▶ [What is being asked]: The answer must consist solely of the lines below starting at the one containing "Lyrics of Jab" and ending at the one containing "蝶安芬无痕保暖背心女打底春夏加绒加厚内搭带胸垫一体式 发热内衣", repeated exactly, with both ends included and all pictures omitted.

▶ [Data to process]:
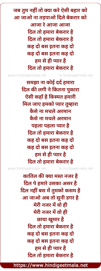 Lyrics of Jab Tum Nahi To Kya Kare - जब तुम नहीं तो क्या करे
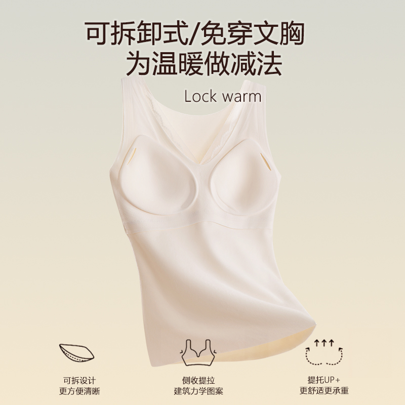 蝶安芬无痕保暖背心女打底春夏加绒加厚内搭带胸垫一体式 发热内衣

--

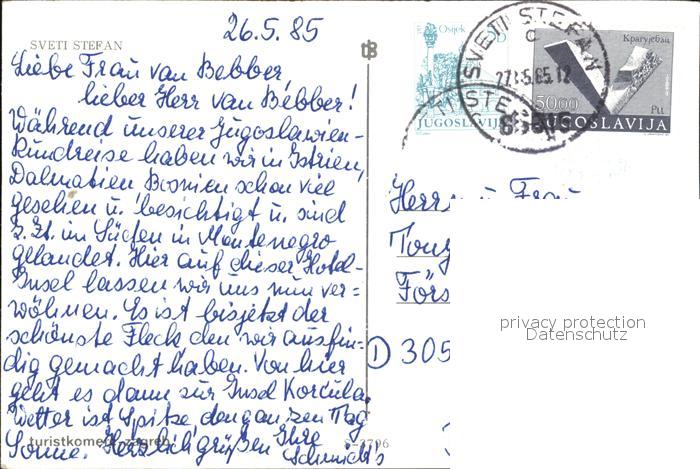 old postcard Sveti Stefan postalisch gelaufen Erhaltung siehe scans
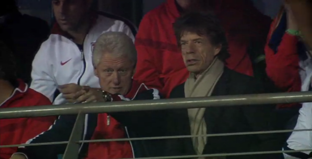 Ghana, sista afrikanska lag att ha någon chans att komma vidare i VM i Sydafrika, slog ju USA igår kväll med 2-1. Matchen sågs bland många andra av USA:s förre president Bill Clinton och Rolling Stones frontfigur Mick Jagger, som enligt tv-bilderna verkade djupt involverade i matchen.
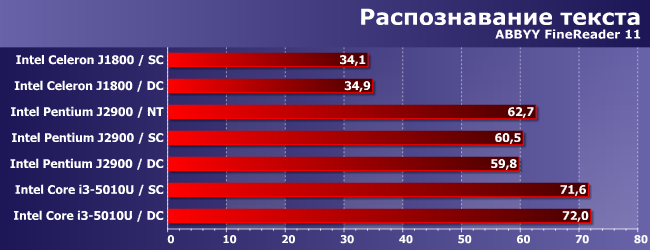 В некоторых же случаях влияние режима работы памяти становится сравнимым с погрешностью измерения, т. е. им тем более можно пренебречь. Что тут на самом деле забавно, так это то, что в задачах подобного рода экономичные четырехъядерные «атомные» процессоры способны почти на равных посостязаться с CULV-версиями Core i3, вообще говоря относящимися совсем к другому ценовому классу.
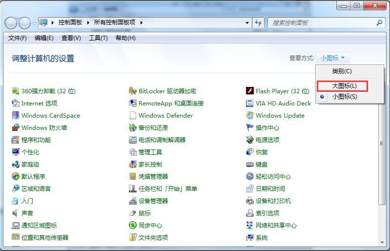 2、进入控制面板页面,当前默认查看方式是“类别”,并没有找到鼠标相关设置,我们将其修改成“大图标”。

▶ [Response]:
 Lyrics of Jab Tum Nahi To Kya Kare - जब तुम नहीं तो क्या करे
 蝶安芬无痕保暖背心女打底春夏加绒加厚内搭带胸垫一体式 发热内衣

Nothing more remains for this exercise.